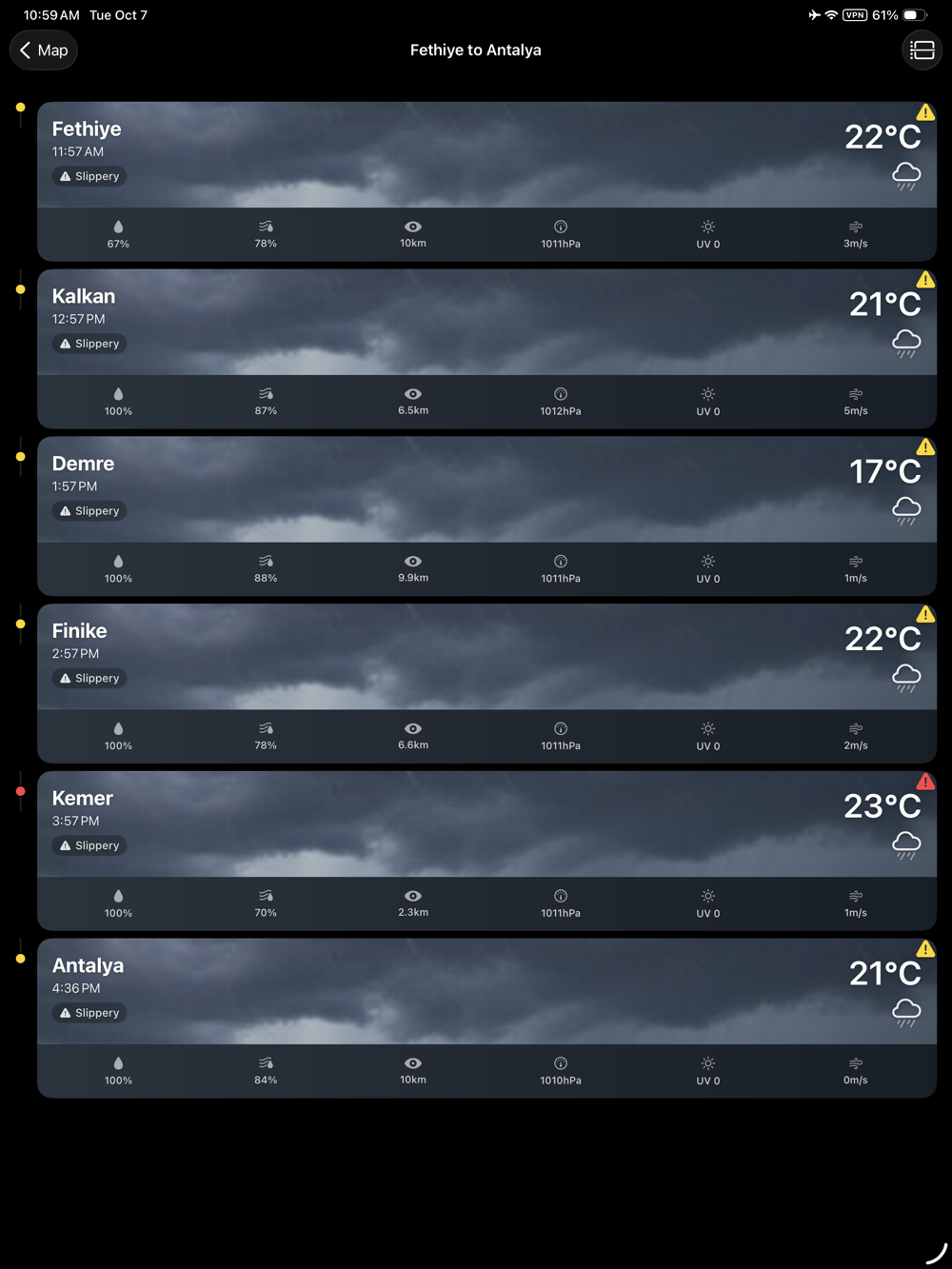 Route-Based Forecasts: See how weather conditions will change throughout your journey. The app divides your route into time-based segments with granular weather forecasts for each part of the drive.
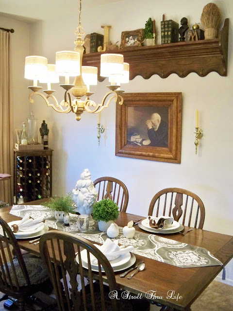 This is what I had on the wall before.  I love that shelf and thought about putting it above the mirror, but it is too big
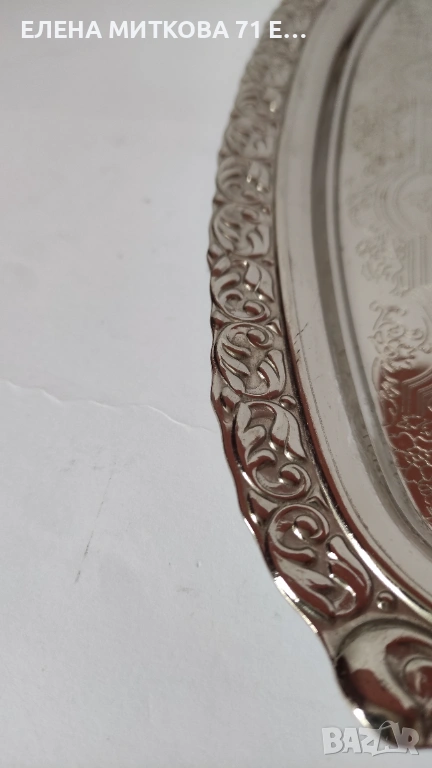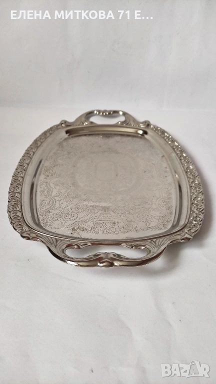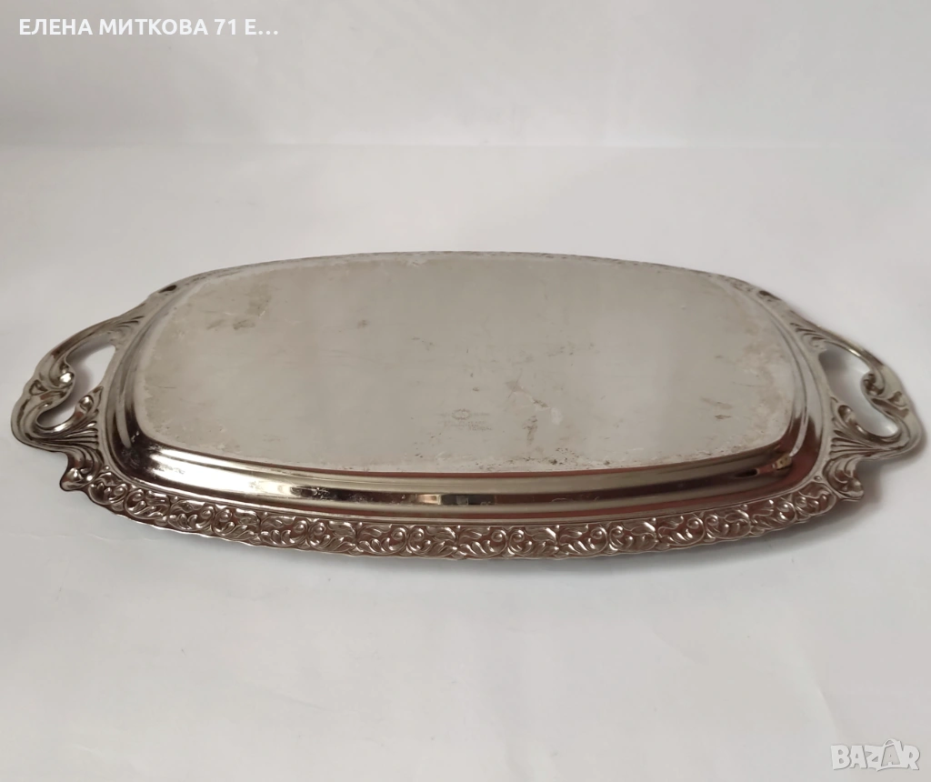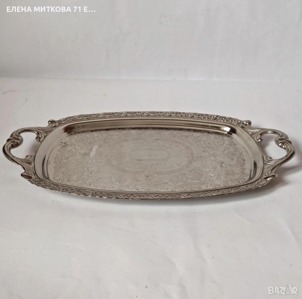 Масивна табла от алпака-с дръжки-с гравирано дъно и орнаменти по края-използвана,много запазена-габаритни размери 41 х 25 см , вътрешни размери на полезната част 30 х 20 см
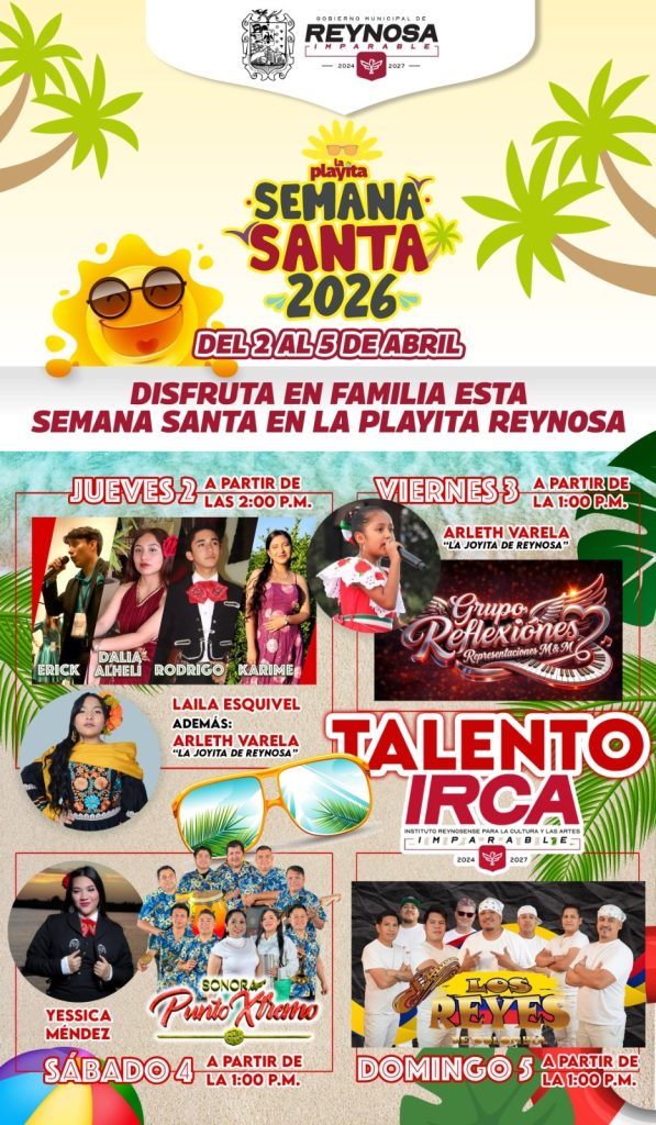 El Gobierno de Reynosa, que preside el Alcalde Carlos Peña Ortiz, invita a disfrutar de la oferta musical que el Instituto Reynosense para la Cultura y las Artes presentará en “La Playita” del 2 al 5 de abril en el marco de la Semana Santa. El programa inicia este jueves a las 2:00 P. M. […]
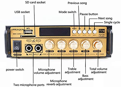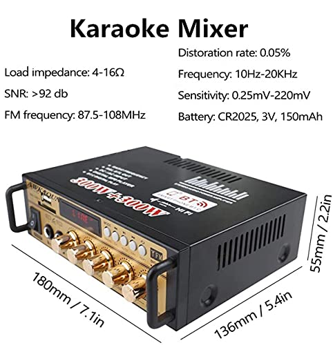 Amplificatore Bluetooth, Mini Amplificatore Stereo Audio Hifi Bluetooth,Karaoke Mixer,Hi-Fi Digital Amp 2.0 Channel 600W con Ingresso USB/RCA/Scheda SD/per Casa, Auto Audio,Audio Speaker
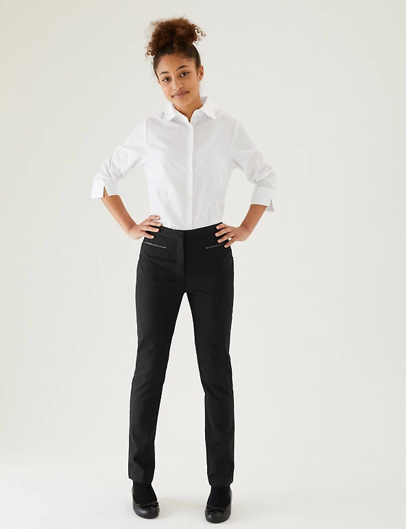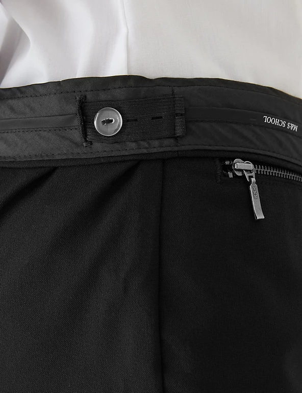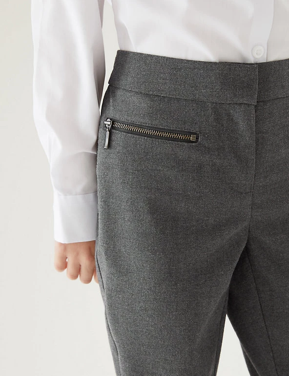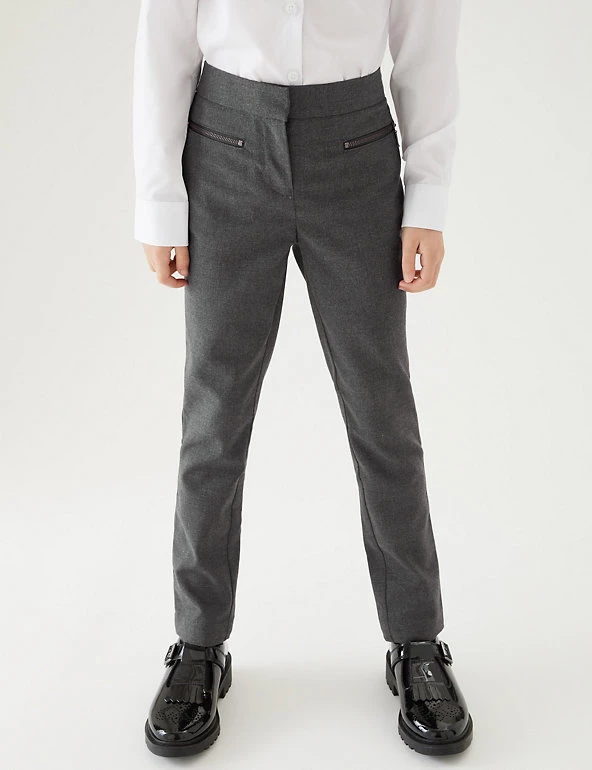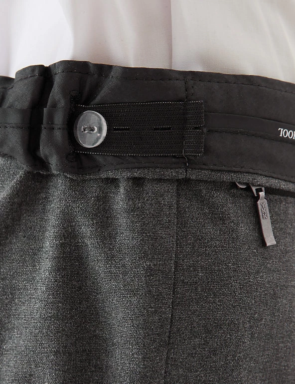 These modern school trousers are made with special crease-resistant fabric for hassle-free laundering. This trouser offers a super-skinny leg and added stretch for a flexible feel. Comfy adjustable waist and adjustable hems mean they will last for longer. Zip fastening. Complete with our special water-repellent Stormwear™ finish. Made with recycled polyester and sustainable viscose.
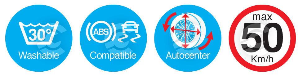 • Autocentranti, non danneggiano i cerchi.
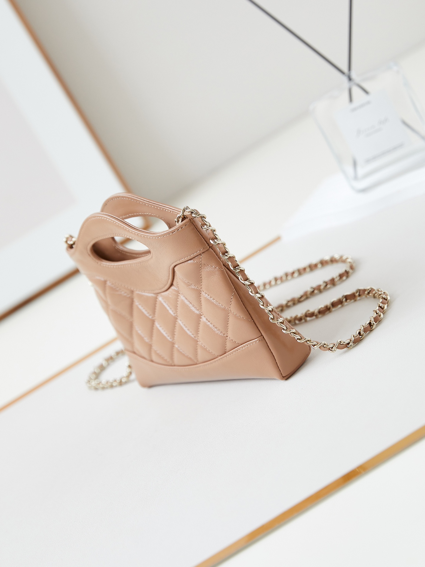 Chanel Shiny Crumpled Calfskin Quilted Mini 31 Shopping Bag Dark Beige
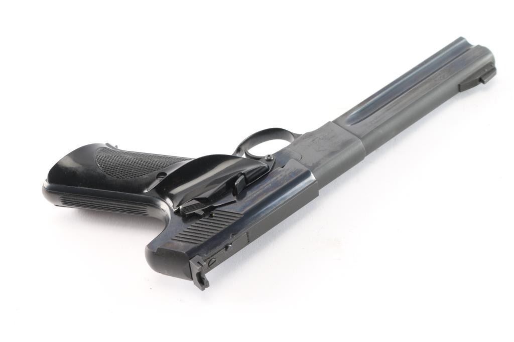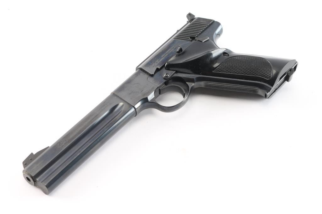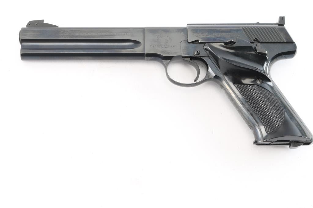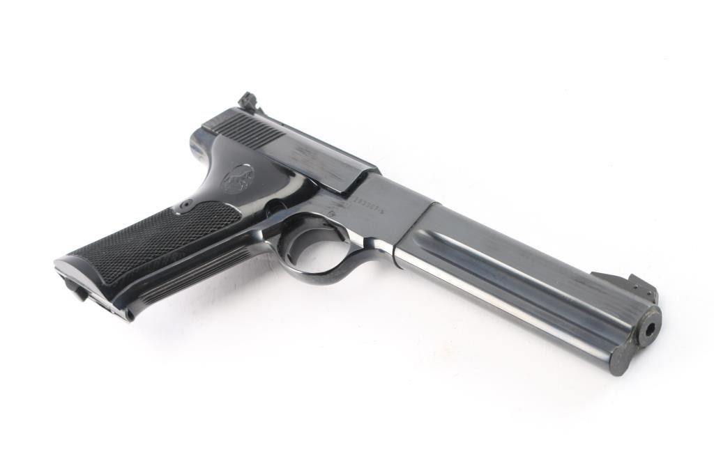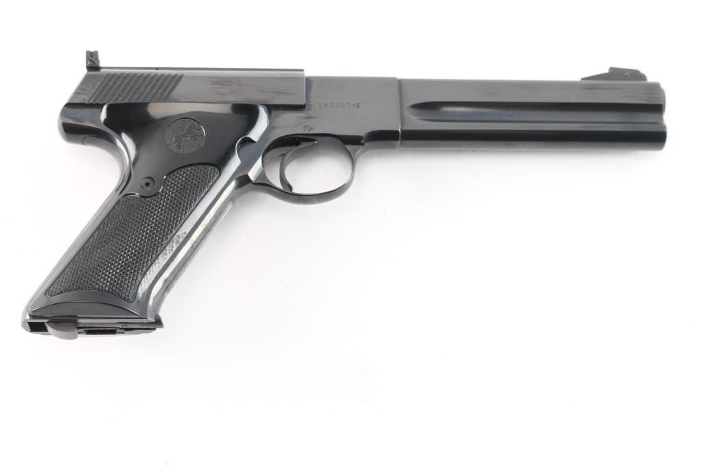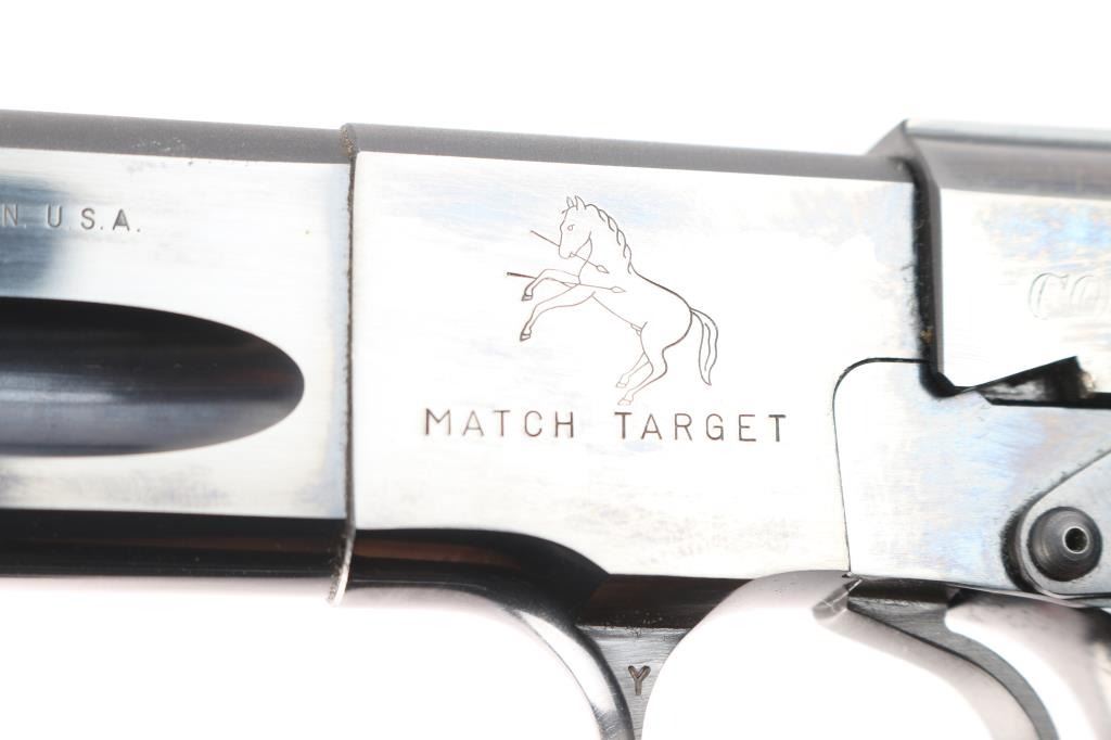 SN: 183367-S. Semiautomatic rimfire pistol manufactured circa 1958, third series match target Woodsman. Features blued finish, checkered plastic grips with thumbrest on the left panel, Rampant Colt on the right panel. 6" lug barrel, pinned Partridge front & adjustable rear sights, heel magazine release, manual safety. Smooth trigger, serrated fore & backstraps. Bore is excellent/bright. Retains 98% original blue finish with slight edge wear. Grips are excellent condition. Markings include "MATCH TARGET" under Rampant Colt. Markings are crisp and even. Colt marked magazine. Has seen very little use.
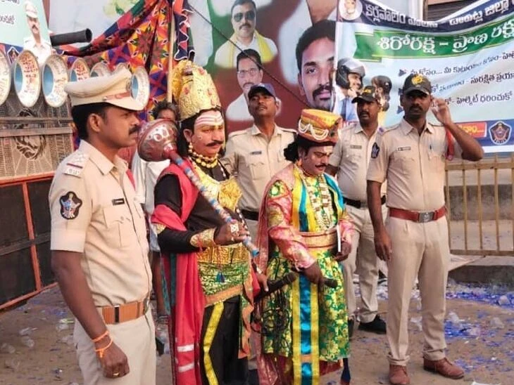 BPT: కర్లపాలెం హైలాండ్ సెంటర్లో పోలీసులు రోడ్డు భద్రతపై అవగాహన కోసం భిన్నంగా ప్రచారం చేపట్టారు. యముడు, చిత్రగుప్త వేషధారణలతో ర్యాలీ నిర్వహించి హెల్మెట్ ప్రాముఖ్యతను వివరించారు. ‘శిరో రక్ష–ప్రాణ రక్ష’ కార్యక్రమంలో భాగంగా ప్రతి వాహనదారు హెల్మెట్ తప్పనిసరిగా ధరించాలని సూచించారు.

————

> [THE PROBLEM] An exact transcript of the listing is needed, free of pictures.

> [WRITTEN SOLUTION]
 Route-Based Forecasts: See how weather conditions will change throughout your journey. The app divides your route into time-based segments with granular weather forecasts for each part of the drive.
 This is what I had on the wall before.  I love that shelf and thought about putting it above the mirror, but it is too big
 Масивна табла от алпака-с дръжки-с гравирано дъно и орнаменти по края-използвана,много запазена-габаритни размери 41 х 25 см , вътрешни размери на полезната част 30 х 20 см
 El Gobierno de Reynosa, que preside el Alcalde Carlos Peña Ortiz, invita a disfrutar de la oferta musical que el Instituto Reynosense para la Cultura y las Artes presentará en “La Playita” del 2 al 5 de abril en el marco de la Semana Santa. El programa inicia este jueves a las 2:00 P. M. […]
 Amplificatore Bluetooth, Mini Amplificatore Stereo Audio Hifi Bluetooth,Karaoke Mixer,Hi-Fi Digital Amp 2.0 Channel 600W con Ingresso USB/RCA/Scheda SD/per Casa, Auto Audio,Audio Speaker
 These modern school trousers are made with special crease-resistant fabric for hassle-free laundering. This trouser offers a super-skinny leg and added stretch for a flexible feel. Comfy adjustable waist and adjustable hems mean they will last for longer. Zip fastening. Complete with our special water-repellent Stormwear™ finish. Made with recycled polyester and sustainable viscose.
 • Autocentranti, non danneggiano i cerchi.
 Chanel Shiny Crumpled Calfskin Quilted Mini 31 Shopping Bag Dark Beige
 SN: 183367-S. Semiautomatic rimfire pistol manufactured circa 1958, third series match target Woodsman. Features blued finish, checkered plastic grips with thumbrest on the left panel, Rampant Colt on the right panel. 6" lug barrel, pinned Partridge front & adjustable rear sights, heel magazine release, manual safety. Smooth trigger, serrated fore & backstraps. Bore is excellent/bright. Retains 98% original blue finish with slight edge wear. Grips are excellent condition. Markings include "MATCH TARGET" under Rampant Colt. Markings are crisp and even. Colt marked magazine. Has seen very little use.
 BPT: కర్లపాలెం హైలాండ్ సెంటర్లో పోలీసులు రోడ్డు భద్రతపై అవగాహన కోసం భిన్నంగా ప్రచారం చేపట్టారు. యముడు, చిత్రగుప్త వేషధారణలతో ర్యాలీ నిర్వహించి హెల్మెట్ ప్రాముఖ్యతను వివరించారు. ‘శిరో రక్ష–ప్రాణ రక్ష’ కార్యక్రమంలో భాగంగా ప్రతి వాహనదారు హెల్మెట్ తప్పనిసరిగా ధరించాలని సూచించారు.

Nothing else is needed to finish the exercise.